Post by gmaynardkrebs »

soccerrules wrote: Wed Aug 01, 2018 4:18 pm so you are suggesting $20K in premiums (over 10 years) on the risk that one of them dies prior to 72.

What happens after 72 ? --then they really are kind of in the same situation. Lowish Nest egg and needing 2 SS incomes. When one of them passes the survivor will be in trouble, right ?

What is their AA on the nest egg ? Do you have them at 50/50 or something more bond-fixed focused?

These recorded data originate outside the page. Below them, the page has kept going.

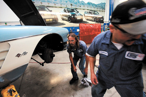 Nevarez pointed to a 1958 Corvette being restored as a 75th birthday present for a Las Vegas man's father. Nearby was a 2010 Camaro being fitted with a high-performance camshaft that will add 50 horsepower. A Chevy Cobalt was having a supercharger and custom exhaust system installed.
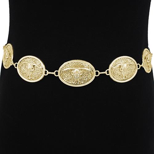 WESTERN METAL ENGRAVED OVAL CONCHO CHAIN BELT
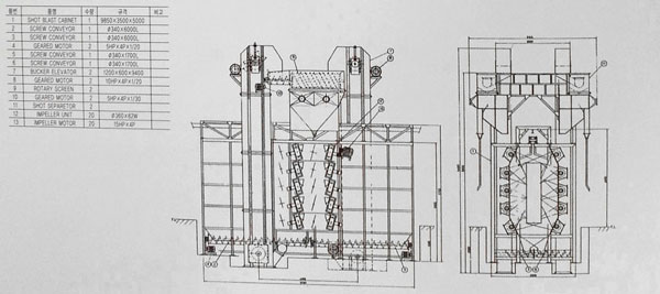 ¿©·¯°³ÀÇ HANGER°¡ Æ®·ÎÀÌ Äܺ£¾î¿¡ ÀÇÇÏ¿© ÀÌ¼Û °¡°øµÇ¸ç ´É·üÀÇ ±Ø´ëȸ¦ À§ÇØ »ý»ê¶óÀΰú Á÷Á¢ ¿¬¼ÓÀÛ¾÷ÀÌ ÀÌ·ç¾îÁö´Â SHOT BLAST M/C·Î½á ÀÚµ¿È LNE SHOT BLAST M/CÀÌ´Ù.
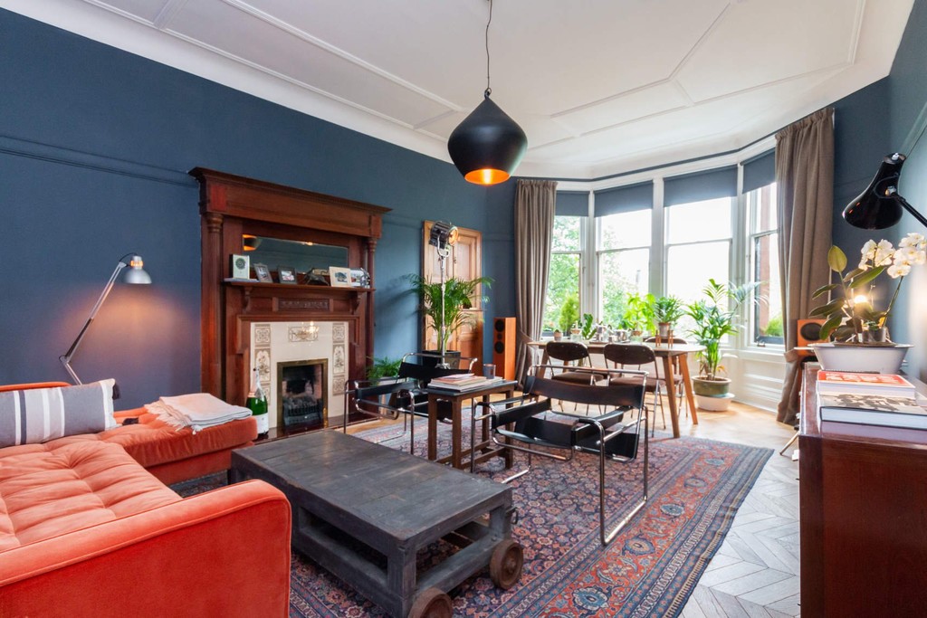 Super stylish double fronted 3 bedroom red sandstone tenement apartment formed on the 2nd floor in a cul de sac location on the highly desirable, tree-lined Lauderdale Gardens with open views over trees and parkland in the leafy west end district of Hyndland.
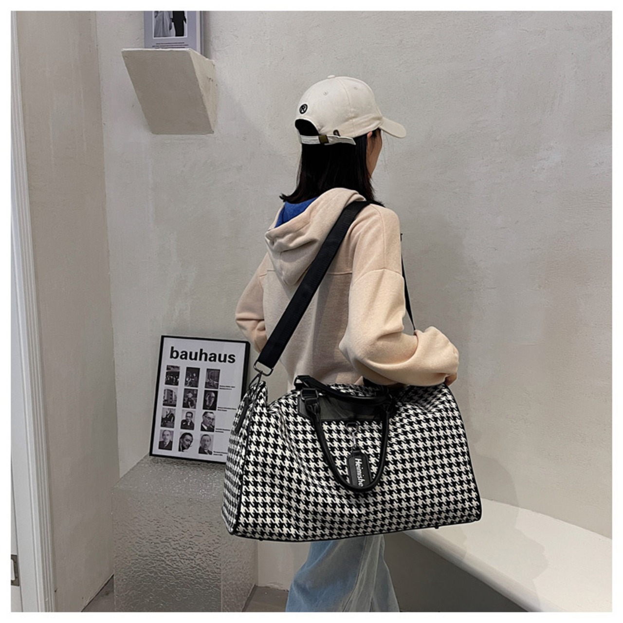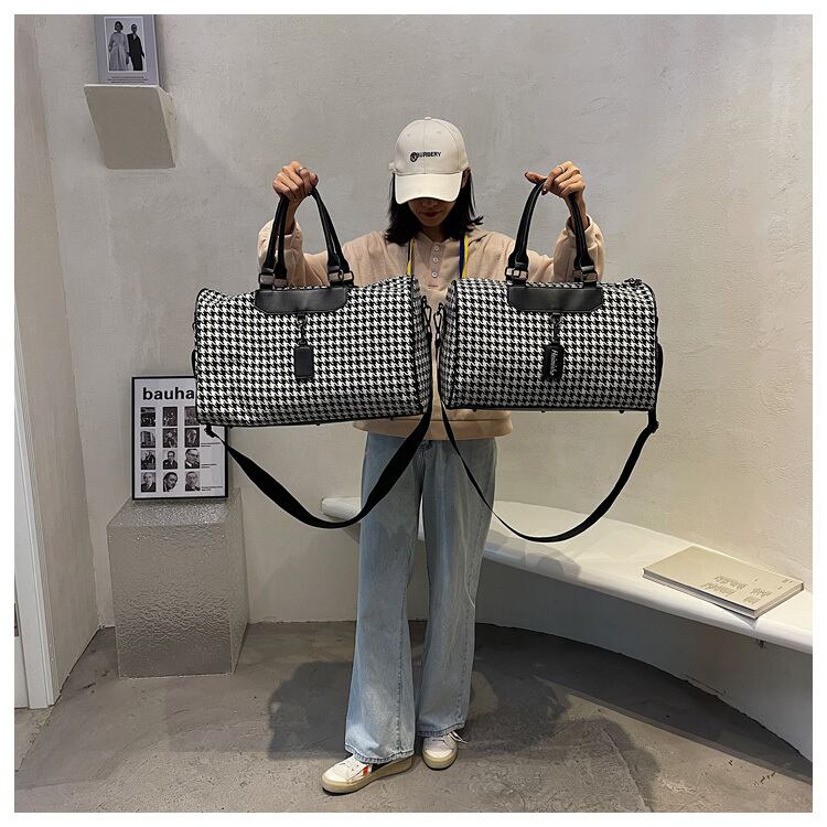 ファッショナブルな千鳥格子柄がスタイリッシュでオシャレなトラベルバッグです。

They may need to stay 60/40 from 62-70

I will say when I ran the numbers thru firesim my success of a 35 year retirement starting at 60 increased by 7 to 8% if i took SS at 62 and didn't wait until 70. I found that interesting since the general thought by many BHr's is to wait on SS until 70 for the larger benefits (especially for surviving spouse). I have 120+ months to mull this over
Probably by claiming at age 62, you avoided drawing down your investment portfolio, which most people think have higher projected returns than SS. Let's hope so, but unlike SS, that is not guaranteed, and could backfire badly. There is little doubt that for the vast majority of healthy people, waiting until age 70 is the best choice. Increasing the equity allocation above 50/50, which will be recommended by every simulator on earth, shows exactly what is wrong with those calculators. IMO, it is not a good idea at all for this couple, who are not in a position to take more risk.
Last edited by gmaynardkrebs on Wed Aug 01, 2018 6:09 pm, edited 1 time in total.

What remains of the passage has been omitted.